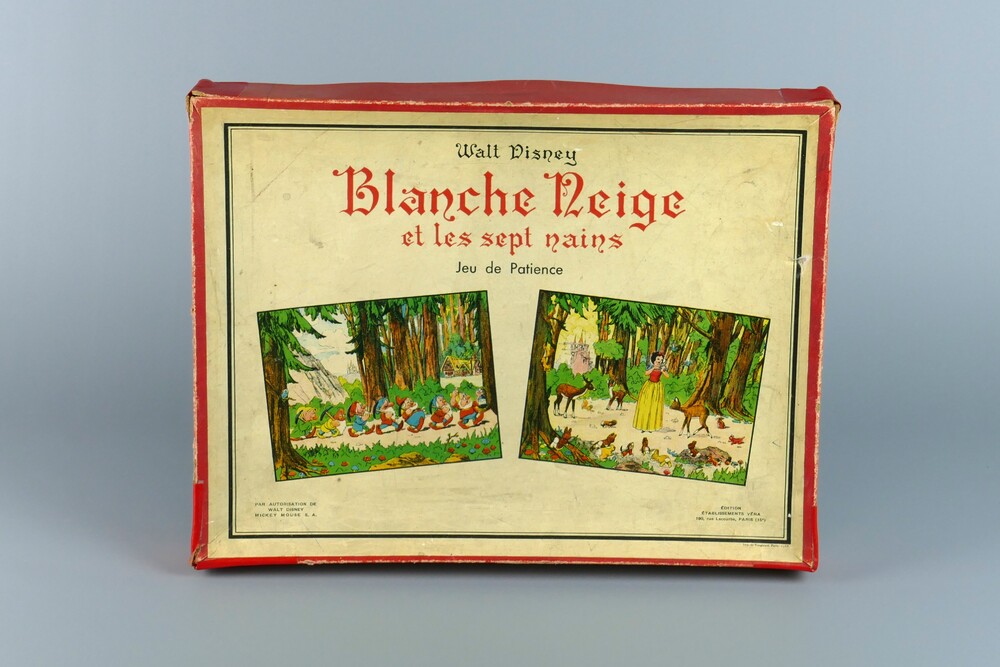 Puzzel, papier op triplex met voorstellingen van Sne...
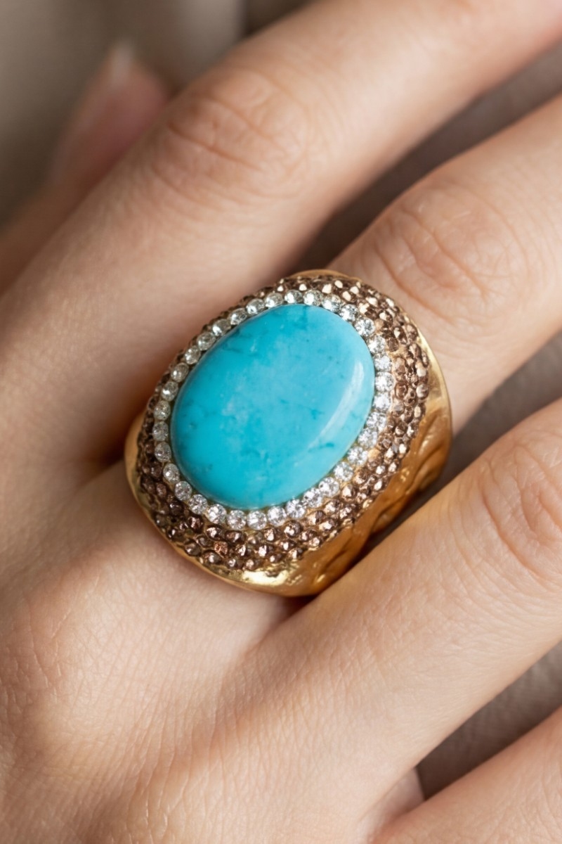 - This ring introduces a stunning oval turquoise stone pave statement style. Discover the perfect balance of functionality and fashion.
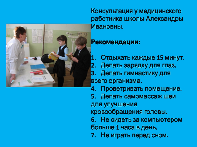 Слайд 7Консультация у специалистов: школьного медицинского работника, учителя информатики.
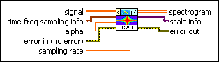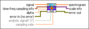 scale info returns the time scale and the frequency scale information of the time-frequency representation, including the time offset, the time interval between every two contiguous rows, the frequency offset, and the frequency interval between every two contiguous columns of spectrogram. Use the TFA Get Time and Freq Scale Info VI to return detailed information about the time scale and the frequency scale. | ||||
* * *
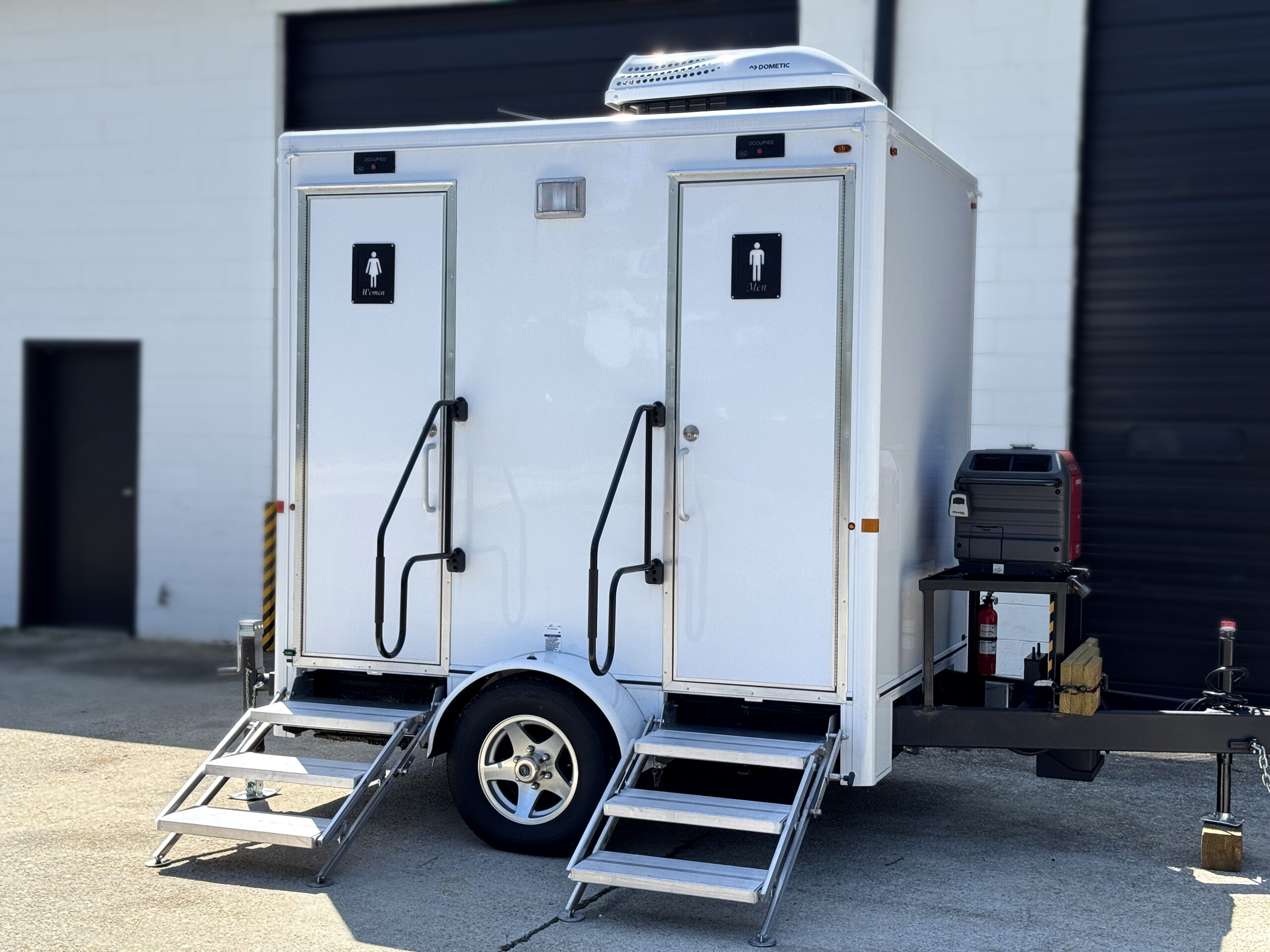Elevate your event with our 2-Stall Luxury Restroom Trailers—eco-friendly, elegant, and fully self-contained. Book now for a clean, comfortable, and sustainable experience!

**What you are asked to do**
In the listing above, find the line with "Puzzel, papier op" and output it and every line after it up to and including the line with "scale info returns", exactly, minus the pictures.

**Exercise solution**
 Puzzel, papier op triplex met voorstellingen van Sne...
 - This ring introduces a stunning oval turquoise stone pave statement style. Discover the perfect balance of functionality and fashion.
 Слайд 7Консультация у специалистов: школьного медицинского работника, учителя информатики.
 scale info returns the time scale and the frequency scale information of the time-frequency representation, including the time offset, the time interval between every two contiguous rows, the frequency offset, and the frequency interval between every two contiguous columns of spectrogram. Use the TFA Get Time and Freq Scale Info VI to return detailed information about the time scale and the frequency scale. | ||||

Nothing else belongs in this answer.